How to serialize/unserialize the cache in/from a file?
deeplook opened this issue · 4 comments
Having the cache info is very useful, but I'm missing an entry to the cache itself so I could serialize it and reuse it later. Is there any way to do that already?
>>> f.cache_info()
CacheInfo(hits=8207, misses=1957, current_size=1957, max_size=None,
algorithm=<CachingAlgorithmFlag.LRU: 2>, ttl=None,
thread_safe=True, order_independent=False, use_custom_key=False)
I'm also hoping for some sort of pickling feature in the future!
I may be able to contribute to the project by implementing this feature if the maintainers have the will of answering some possible questions I may have during development.
After careful consideration, I'm sorry that a serialization/deserialization feature can not yet be implemented in this library. Although it would be a really nice and useful feature, it seems that the cons still outweigh the pros, and some challenges must be addressed.
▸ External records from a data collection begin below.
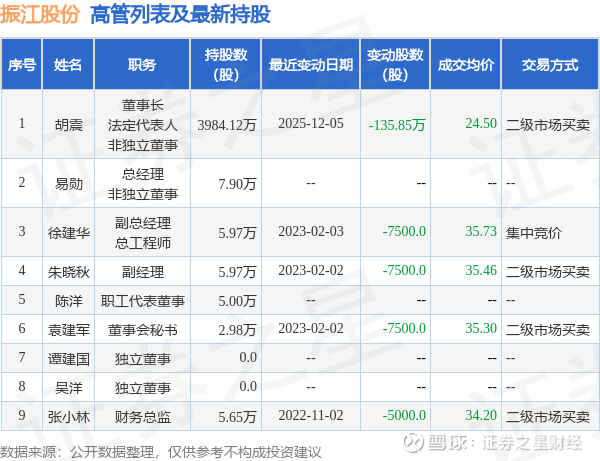 振江股份的高管列表及最新持股情况如下:
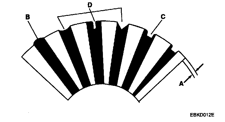 7. Check the mica depth (A). If the mica is too high (B), undercut the mica with a hacksaw blade to the proper depth. Cut away all the mica (C) between the commutator segments. The undercut should not be too shallow, too narrow, or V-shaped (D).
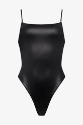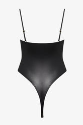 The Splash One-Piece Swimsuit with Straps seduces with its lightweight microfiber and wet-look finish, embracing the body like a second skin. Its sculpting, high-cut thong silhouette subtly enhances every curve. Lined at the crotch for added comfort, this piece is both alluring and wearable. Non-removable straps, adjustable with fine gold-tone metal accents, offer a perfect fit and a luminous touch.

- Deserialization is an unsafe operation which caused a large number of vulnerabilities in many programming languages (for example, Python's
pickle
is unsafe). So, it must be designed very carefully, especially in a library which is depended by a lot of software. - It is difficult (or even impossible) to consistently maintain the serialized cache when the code changes.
For example, given a foo
@cached
def foo(x):
return x
One day, we serialize the cache by foo.serialize(...)
. After several revisions, we changed the logic of foo
:
@cached
def foo(x):
return x + 1
If we deserialize the cache by foo.deserialize(...)
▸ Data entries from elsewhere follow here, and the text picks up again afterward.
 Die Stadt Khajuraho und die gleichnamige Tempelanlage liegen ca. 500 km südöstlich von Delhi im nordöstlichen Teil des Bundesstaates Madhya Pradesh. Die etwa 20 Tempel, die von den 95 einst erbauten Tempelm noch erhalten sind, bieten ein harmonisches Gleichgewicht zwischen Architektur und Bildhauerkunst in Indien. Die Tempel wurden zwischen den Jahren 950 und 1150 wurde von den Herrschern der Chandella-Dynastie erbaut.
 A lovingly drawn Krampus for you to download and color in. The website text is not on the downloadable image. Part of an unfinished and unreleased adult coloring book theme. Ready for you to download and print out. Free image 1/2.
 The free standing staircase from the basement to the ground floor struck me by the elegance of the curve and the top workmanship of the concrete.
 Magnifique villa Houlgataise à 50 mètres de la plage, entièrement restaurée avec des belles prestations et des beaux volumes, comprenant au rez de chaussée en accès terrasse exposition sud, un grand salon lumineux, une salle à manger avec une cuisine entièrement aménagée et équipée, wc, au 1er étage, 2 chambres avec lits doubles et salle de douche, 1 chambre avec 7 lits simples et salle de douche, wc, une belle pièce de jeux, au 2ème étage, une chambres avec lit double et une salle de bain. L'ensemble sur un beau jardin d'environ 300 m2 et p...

, what will happen is that we will get wrong results (we get x
instead of x + 1
when we call foo(x)
).
If anyone:
- finds a way to keep the serialized cache consistent with the code (for example, raise an error if the code has been changed)
- has the capability and resources to implement a serialization feature free from vulnerabilities
Please comment or submit PRs. Thank you!
@lonelyenvoy Have you looked at how joblib.Memory
approaches this? https://github.com/joblib/joblib/blob/55d97abd59dbc703579307f9d359870be436ebd1/joblib/memory.py#L672
Joblib also does a better job of dealing with the input args. It takes a sensibly filtered set of the arguments, assembles them into a list, pickle.dumps
the list, hashes the bytes and uses this as the key.
Sorry, how do you pickle the cache? I get that you might not want to have serde code in the library, but folks should be able to do that themselves via exposed apis to get and set the cache.